▶ **Your instructions**
The part below that opens with the line containing "National Project of" and closes with the line containing "Skórzane botki damskie" should be copied exactly, minus any pictures.

▶ **Data supplied**
|---|
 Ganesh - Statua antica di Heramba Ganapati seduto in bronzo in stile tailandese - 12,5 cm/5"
|---|
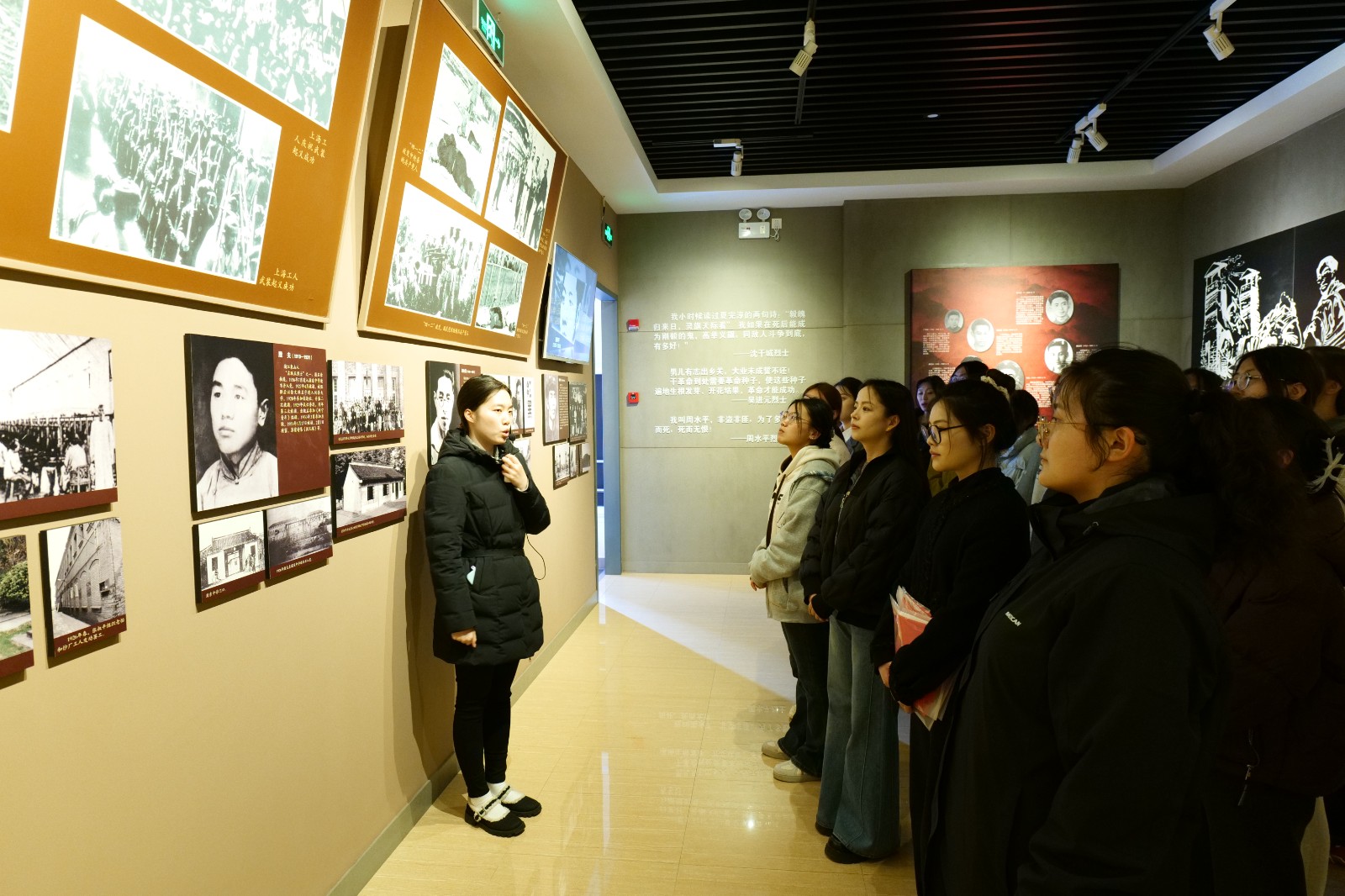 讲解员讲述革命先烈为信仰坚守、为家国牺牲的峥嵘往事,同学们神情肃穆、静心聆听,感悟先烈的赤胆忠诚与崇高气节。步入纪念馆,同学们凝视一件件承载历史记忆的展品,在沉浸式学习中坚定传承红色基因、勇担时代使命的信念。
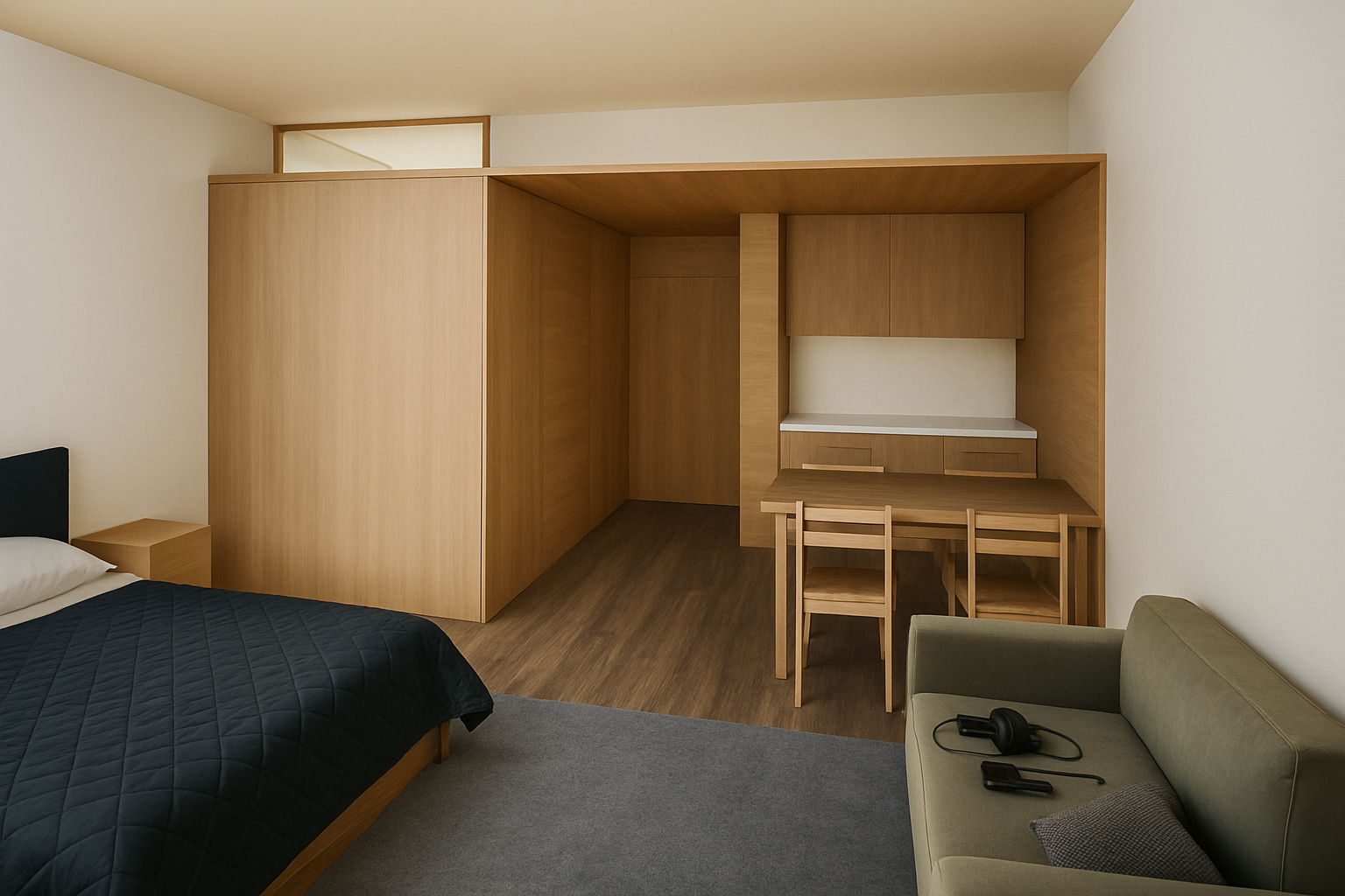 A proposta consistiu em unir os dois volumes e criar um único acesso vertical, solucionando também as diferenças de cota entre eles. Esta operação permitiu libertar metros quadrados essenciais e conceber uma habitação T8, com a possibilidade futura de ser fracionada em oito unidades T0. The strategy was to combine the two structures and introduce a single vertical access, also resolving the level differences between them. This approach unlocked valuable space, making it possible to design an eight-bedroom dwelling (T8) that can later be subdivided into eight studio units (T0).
|---|
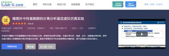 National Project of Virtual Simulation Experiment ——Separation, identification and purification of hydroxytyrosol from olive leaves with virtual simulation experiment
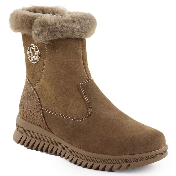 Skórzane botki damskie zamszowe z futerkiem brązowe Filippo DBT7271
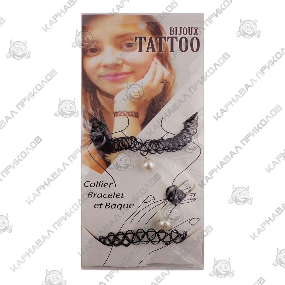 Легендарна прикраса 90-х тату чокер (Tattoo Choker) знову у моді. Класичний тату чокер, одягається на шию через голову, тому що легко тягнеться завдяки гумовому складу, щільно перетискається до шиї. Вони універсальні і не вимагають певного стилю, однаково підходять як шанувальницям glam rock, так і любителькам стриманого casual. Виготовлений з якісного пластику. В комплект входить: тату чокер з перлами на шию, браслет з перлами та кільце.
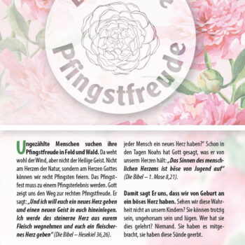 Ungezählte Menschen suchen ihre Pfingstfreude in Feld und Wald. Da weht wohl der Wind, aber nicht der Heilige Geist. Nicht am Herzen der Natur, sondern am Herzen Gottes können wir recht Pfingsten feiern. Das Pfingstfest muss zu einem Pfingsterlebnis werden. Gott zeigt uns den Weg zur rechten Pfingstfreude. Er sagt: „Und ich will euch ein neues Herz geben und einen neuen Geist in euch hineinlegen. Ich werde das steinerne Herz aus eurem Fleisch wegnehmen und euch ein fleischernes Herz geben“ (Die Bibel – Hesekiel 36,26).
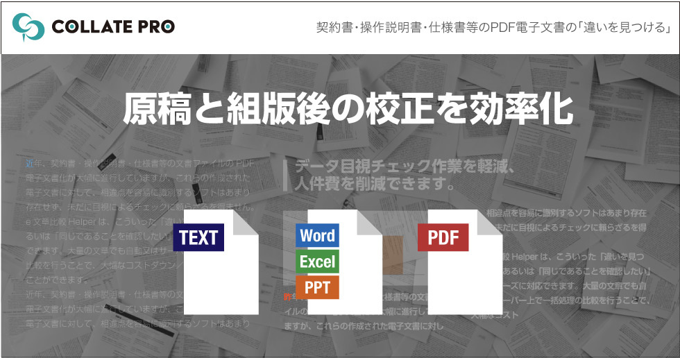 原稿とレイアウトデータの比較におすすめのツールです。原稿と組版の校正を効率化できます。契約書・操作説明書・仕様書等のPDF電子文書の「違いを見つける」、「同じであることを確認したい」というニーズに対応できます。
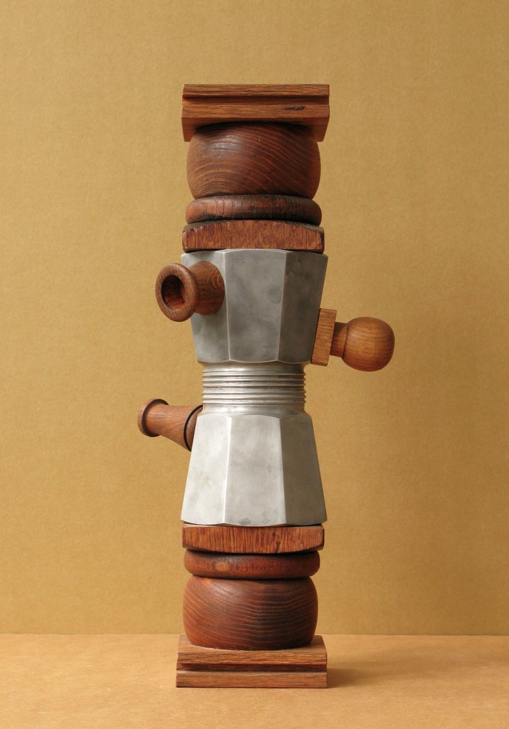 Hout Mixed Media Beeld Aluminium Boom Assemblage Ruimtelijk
|---|
▶ **Answer space**
 National Project of Virtual Simulation Experiment ——Separation, identification and purification of hydroxytyrosol from olive leaves with virtual simulation experiment
 Skórzane botki damskie zamszowe z futerkiem brązowe Filippo DBT7271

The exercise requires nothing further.